The Best Analytical Techniques and Data display Methods

The Best Analytical Techniques and Data display Methods

Thematic Analysis

It is the most commonly used analytic technique in qualitative research studies. The researcher opts to use the method because it will help in identifying the patterns and themes contained in the data that the researcher collected during the study (Patricia, 2013). The technique allows the researcher to review the whole data gathered and make summaries of opinions on employee dissatisfaction from the various research participants involved in the study. By using this method, the researcher will conduct the preliminary reviews and get a feel of the whole data through making small annotations on the transcripts (Bryman, Alan & Burgess, 2011).

The method provides an opportunity for the researcher to conduct a more Indepth analysis of the data to establish the main themes. The method utilizes the identified theme to create a coding system that allows effective summary and analysis of the collected data, which enhances the quality, and validity of the findings (Patricia, 2013). The codes are applied on the data and the researcher may choose to write them on the margins of the transcripts or notes. The undertaking allows easier tracking of the summary of the participants views which minimizes the chances that the researcher will make an error.

Content Analysis

Content analysis is an effective alternative to thematic analysis because it will allow the researcher to conduct data analysis in a procedural manner. The behavioral and verbal data that the researcher has collected during the study is classified, summarized, categorized and tabulated (Patricia, 2013). The technique allows the researcher to use a descriptive approach where the research provides a descriptive summary of the collected data without having to come up with the theories or reason relating to how or why (Patricia, 2013). During the initial steps of analysis the researcher will describe the opinions of the employees on the reasons for job dissatisfaction without having to provide the how or why. By using the technique, the researcher will provide a more interpretive analysis through consideration of the participants both actual and implied responses therefore providing the researcher with a complete picture and clear understanding of employee dissatisfaction (Bryman et al., 2011).

Types of Data Display that will be most useful and Communicative

Pie charts

Pie charts are mostly used to show how a whole thing is divided into separate parts. Pie charts are easier to interpret which will minimizes the chances for errors since data is clearly provided (Smith, Thorpe & Jackson, 2012). In this research study, the pie chart will be used to identify, the percentage of dissatisfied employees, the percentage of employees who are satisfied with their jobs and the percentage of employees who are indifferent (Bryman et al., 2011). The researcher will provide clear proof about majority of employees being dissatisfied with their jobs. The undertaking will enhance the durability of the research findings.

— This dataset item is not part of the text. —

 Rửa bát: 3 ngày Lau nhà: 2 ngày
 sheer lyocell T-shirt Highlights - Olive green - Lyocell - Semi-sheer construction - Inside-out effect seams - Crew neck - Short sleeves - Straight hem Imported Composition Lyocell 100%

Graphs are effective methods of displaying independent number of findings during data analysis (Oyeyemi, Adewara, & Adeyemi, 2010). Graphs avail visualized data that will enable the researcher and other academicians to decipher the collected data. The researcher will use the bar graphs to indicate the number of employees who independently affected by various factors that cause job dissatisfaction. Line graphs will show how various factors over the years have caused job dissatisfaction. The scenario will provide a clear display of data for the researcher to provide accurate interpretations that can be validated (Oyeyemi et al., 2010).

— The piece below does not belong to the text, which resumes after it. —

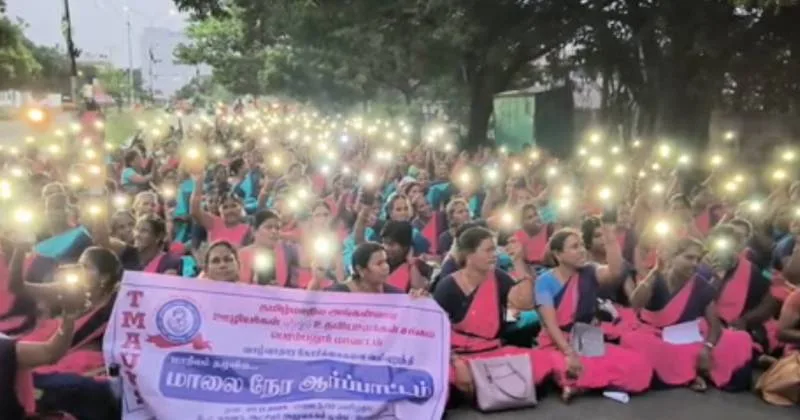 தொடர்ந்து, தமிழக அரசின் கவனத்தை ஈர்க்கும் வகையில் 300க்கும் மேற்பட்ட அங்கன்வாடி பணியாளர்கள் தங்களது செல்போன்களில் டார்ச் லைட் அடித்தவாறு ஆர்ப்பாட்டத்தில் ஈடுபட்டனர்.

Bazeley, Patricia, (2013). Qualitative Data Analysis: Practical Strategies. Los Angeles [i.e. Thousand Oaks, Calif.]: SAGE Publications.

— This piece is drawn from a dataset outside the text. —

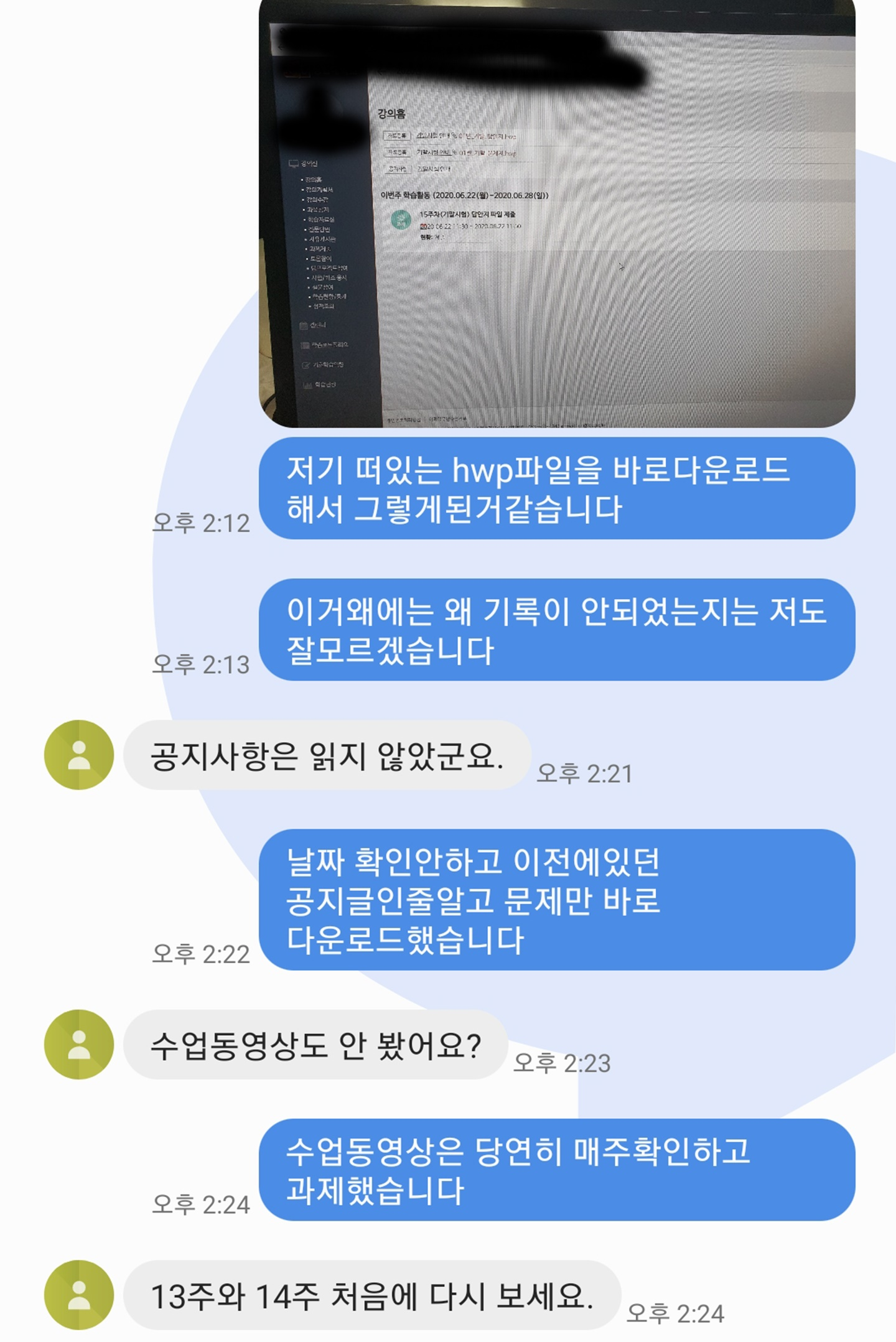 A씨의 해명에도 교수는 “변명. 다른 사람들은 왜?”, “공지사항은 읽지 않았군요”, “수업 동영상도 안 봤어요?” 등의 면박을 줬다.

Bryman, Alan, and Robert G. Burgess (2011). “Reflections on qualitative data analysis.” Analyzing qualitative data. 216-226. doi: 10.4324/9780203413081_chapter_11.

Easterby- Smith, M, Thorpe & Jackson, P. (2012) Management research. 4th ed. London: Sage.

Oyeyemi, G., Adewara, A.A. & Adeyemi, R.A. (2010). Complex survey data analysis: a comparison of SAS, SPSS and STATA, Asian Journal of Mathematics & Statistics, 3 (1), pp. 33-39.